Fra le biografie del Ludwig mi parve la migliore, non per quel che dice il Ludwig, ma per gli scritti che riporta del Bismarck, una delle più perfette realizzazioni che si sian conosciute nella storia moderna di quelle idee che più mi repugnano: superomismo, volontà di potenza, ragion di Stato.»
(lettera alla madre, 17 settembre 1937, p. 389).
«Ho anche letto una raccolta di novelle del Maupassant: Toine. L'ho avuto per combinazione. Mancando le prime pagine, nel catalogo del cappellano non c'era il nome dell'autore, ed io l'avevo richiesto, credendo fosse un saggio storico di Taine... Io sono un grande ammiratore del Maupassant: in questa raccolta c'è una novella: Les moustaches, molto frizzante, che, se tu la leggessi, credo varrebbe a farmi perdonare i baffi, quando me li farò crescere.»
(lettera alla moglie Ada, 12 febbraio 1939, p. 467).
«Sull'esistenza di Dio, ricordo, ebbi anche una curiosa discussione, se così si può chiamare, col cappellano d'allora, quando arrivai qua a Roma, subito dopo l'arresto. Non avevo niente da leggere e le giornate nell'ozio e nell'immobilità non passavan mai. Mi veniva voglia di batter la testa nel muro, tanto per far qualcosa. I due libri alla settimana della biblioteca del carcere, senza possibilità di scelta, servivano a poco meno di niente. Per disperazione chiesi il cappellano, pensando che avrei potuto ottenere da lui almeno i Vangeli.
– Vuoi il Vangelo, – mi domandò quando venne: uno spilungone giovane; – allora credi in Dio?
– No, no – precisai – ma il Vangelo è un libro che leggo sempre volentieri. [...]
E così ebbi un Vangelo piccino, piccino, senza neppure gli Atti degli Apostoli, ma sempre buono per tenermi compagnia.»

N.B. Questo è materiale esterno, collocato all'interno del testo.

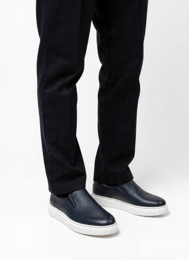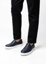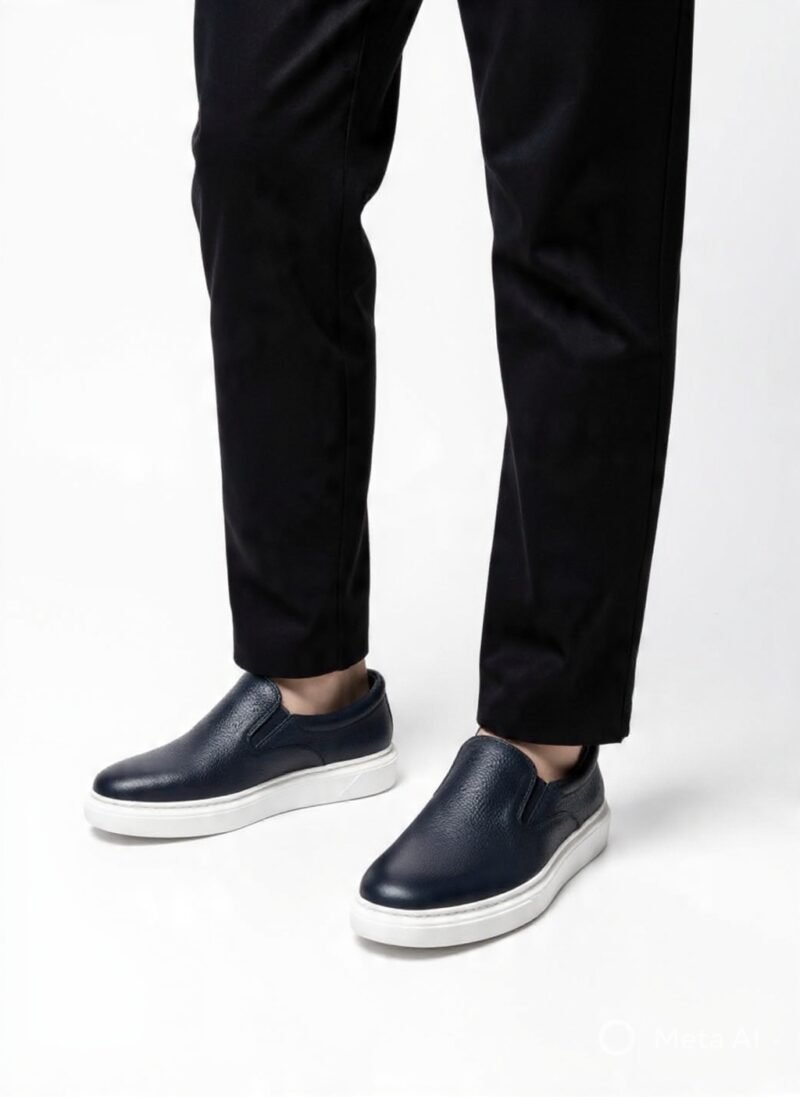 Slip-on en cuir lisse bleu marine profond, au design minimaliste et épuré pour un enfilage effortless. La semelle plateforme blanche surélevée apporte une touche athlétique et visuellement dynamique, tout en assurant amorti et soutien optimal. Parfait pour les tenues casual chic ou urbaines, cette paire incarne le luxe accessible de Basstoni avec son cuir premium italien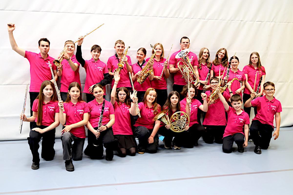 Die Jungmusig Gurmels mit ihrem Dirigenten Adrian Meuwly (oben links).

(lettera alla moglie Ada, 4 giugno 1939, p. 486-487).
«Ci hanno ritirato tutti i libri del carcere, perché devon fare un riscontro generale. Per noi non è gran male, ma per chi non ha libri propri, star senza per più d'un mese, specie se è isolato, è una sofferenza grave. Una delle cose, per mio conto, di maggiore importanza in un buon ordinamento carcerario, è proprio il servizio del prestito dei libri. È l'unica àncora di salvezza per impedire il completo abbrutimento di tanti poveri diavoli costretti all'ozio.»
(lettera alla moglie Ada, 16 luglio 1939, p. 495-496).

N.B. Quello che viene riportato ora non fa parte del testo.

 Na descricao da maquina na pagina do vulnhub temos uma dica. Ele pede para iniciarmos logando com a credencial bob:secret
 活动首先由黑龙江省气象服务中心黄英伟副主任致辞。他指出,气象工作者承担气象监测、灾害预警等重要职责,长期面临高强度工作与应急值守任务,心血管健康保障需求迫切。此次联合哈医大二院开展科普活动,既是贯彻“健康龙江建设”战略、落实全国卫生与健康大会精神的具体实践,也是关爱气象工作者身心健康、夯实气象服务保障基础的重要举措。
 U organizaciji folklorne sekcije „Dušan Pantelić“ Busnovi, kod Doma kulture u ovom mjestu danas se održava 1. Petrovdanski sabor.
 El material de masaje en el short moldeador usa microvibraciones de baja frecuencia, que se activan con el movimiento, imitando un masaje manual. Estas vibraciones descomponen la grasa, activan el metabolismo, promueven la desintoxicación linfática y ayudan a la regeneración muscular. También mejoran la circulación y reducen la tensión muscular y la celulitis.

«A "Regina Coeli" siamo entrati verso le 21, e dopo le diverse formalità e il deposito della roba in magazzino, siamo stati condotti al quarto braccio, dove abbiamo passato sei anni. [...]
Questi primi giorni sono i più duri, perché ancora non abbiamo perso certe abitudini civili che avevamo riacquistate al confino, e perché nell'isolamento le ore non passan mai, se non si ha qualcosa da leggere. M'ero portato nella valigia due libri di studio – uno d'economia e uno di storia – ma, nonostante le mie insistenze, non sono ancora riuscito a farmeli consegnare. M'hanno portato il catalogo della biblioteca speciale del carcere: ma nei sei anni che sono stato qui li ho già letti tutti. Speravo ne avessero aggiunti dei nuovi, invece c'è solo qualche altro libro di religione. Ho, però, fatto un lungo elenco di quelli che rileggerò volentieri e spero oggi d'averne alcuni. Nei tre giorni passati ho avuto solo un paio di romanzetti Salani per signorine, idioti quanto mai, ma che pure ho centellinato più che ho potuto, per farli durare.»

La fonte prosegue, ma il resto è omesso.